[WORK TO BE COMPLETED]:
An exact copy of the data below is needed; please leave out any pictures.

[GIVEN INFORMATION]:
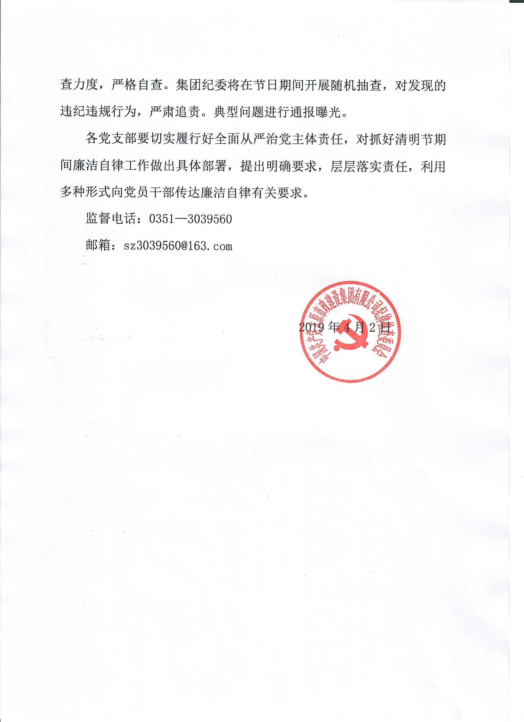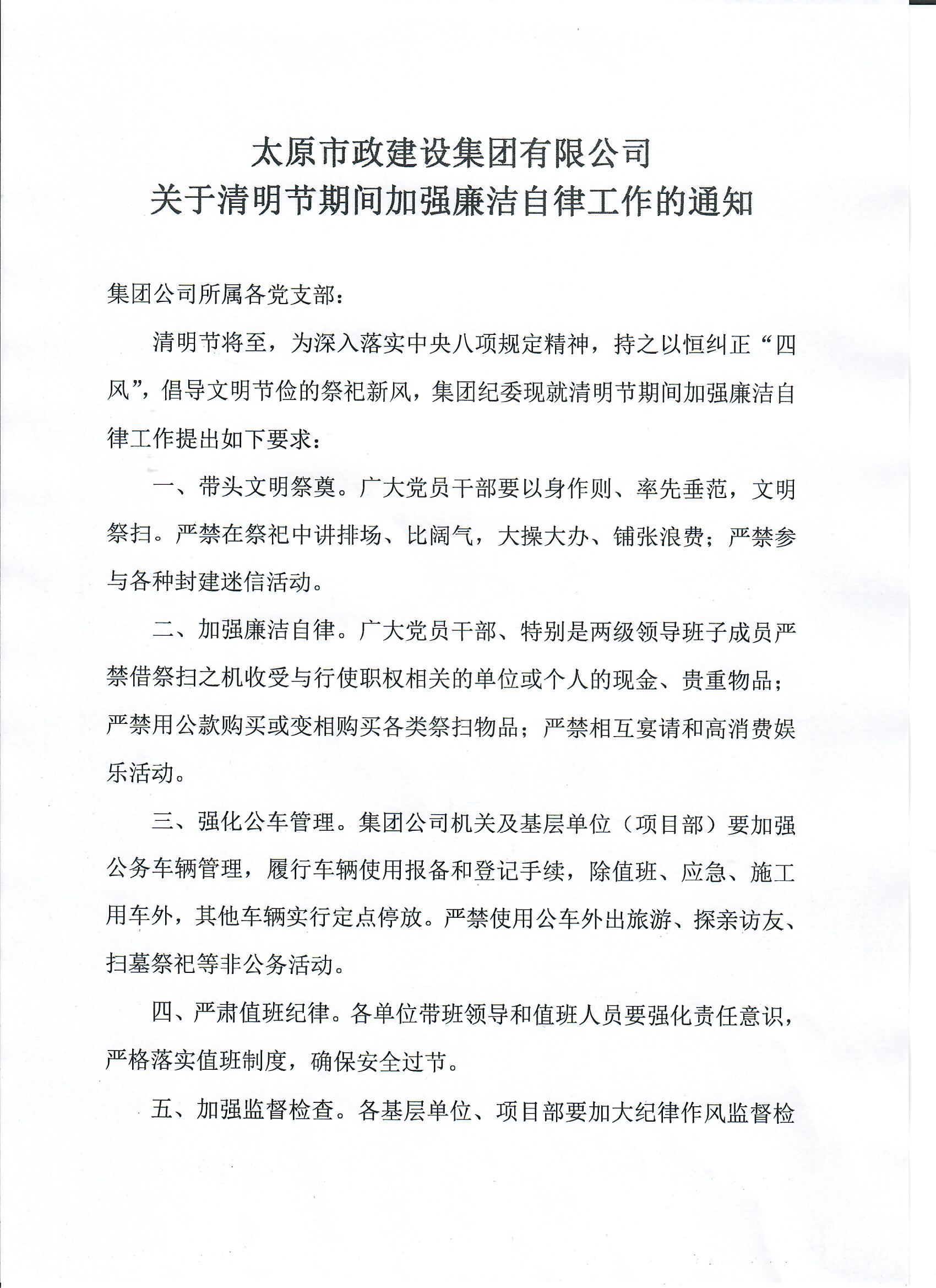 太原市政建設(shè)集團(tuán)有限公司關(guān)于清明節(jié)期間廉潔自律工作的通知
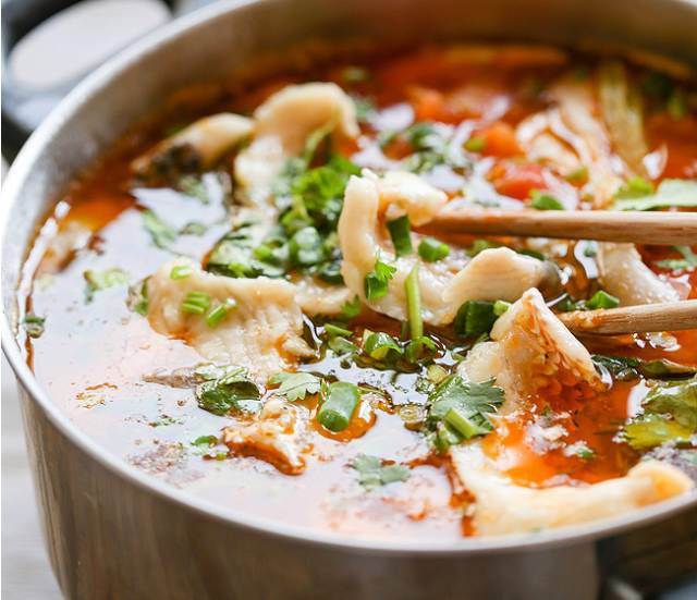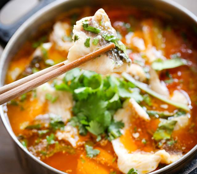 6.两勺热油,淋在鱼片上,中火再次煮沸,撒上香菜和葱即可。
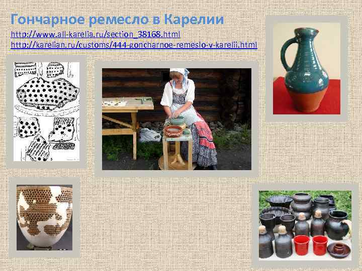 Гончарное ремесло в Карелии http: //www. all-karelia. ru/section_38168. html http: //karelian. ru/customs/444 -goncharnoe-remeslo-v-karelii. html
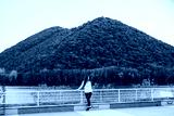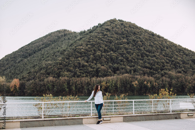 Young girl stands beside a beautiful lake. In the back there is a green hill

[REPLY TO THE TASK]:
 太原市政建設(shè)集團(tuán)有限公司關(guān)于清明節(jié)期間廉潔自律工作的通知
 6.两勺热油,淋在鱼片上,中火再次煮沸,撒上香菜和葱即可。
 Гончарное ремесло в Карелии http: //www. all-karelia. ru/section_38168. html http: //karelian. ru/customs/444 -goncharnoe-remeslo-v-karelii. html
 Young girl stands beside a beautiful lake. In the back there is a green hill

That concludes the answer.